HPCExecutor - Run REF on HPCs#

High Performance Computing Centers (HPCs) generally do not let users run computationally intensive programs and apps on their login nodes. Users must submit a batch or interactive job into a queue that provisions resources to run user programs. Therefore, the workflow for running REF on HPCs differs from that on users' local computers or workstations.

Here, we introduce the HPCExecutor for running REF on HPC resources.

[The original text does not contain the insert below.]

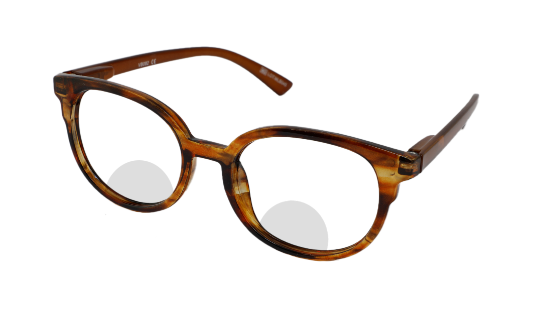 Een bifocale leesbril bevat alleen onderaan het glas een leesgedeelte/-maantjes terwijl de rest van het glas geen sterkte heeft. Zo kan je makkelijk van je af kijken.

You could use HPCExecutor if:

The login nodes allow users to run a program for a long time like several hours with little computational resources (less than 25% of one CPU core and negligible memory).
You want to run REF under the HPC workflow i.e., submitting batch jobs.
The scheduler on your HPC is slurm or pbs. We may include other schedules in the future if needed. Please make an issue describing your requirements.

Pre-requirements#

Since the compute nodes on HPCs generally do not have an external internet connection, please pre-install the conda virtual environments and pre-fetch and pre-ingest all data needed by the REF on the login node before running the REF on compute nodes using HPCExecutor. Also, please clean (delete) everything under ${HOME}/.cache/mamba/proc/. These files are used by the micromamba intalled that were required by ESMValTool and PMP.

HPCExecutor#

The HPCExecutor will use the slurm provider and srun launch from parsl to submit jobs and run REF on compute nodes. Blocks are the basic computational units of parsl. It could include a single node or several compute nodes. Within a node, parsl creates several workers that run a python app across multiple cores. Each worker will compute one or several diagnostics. If the number of diagnostics is larger than the worker number, some workers will run more than one diagnostics serially. However, the more workers, the more overhead required by parsl. The steps to use HPCExecutor are as follows:

On the login nodes, if possible, open a screen or tmux session to keep the master process of HPCExecutor alive. Only the master process will be run on the login nodes with less than 10% of one CPU core and negligible memory, and real computations will be on compute nodes through the job submissions. If the HPC's queue time is short and the connection to the login nodes is stable, users can use the login nodes directly without using the sessions of screen and tmux.
Edit the ref.toml under the config directory if not create one.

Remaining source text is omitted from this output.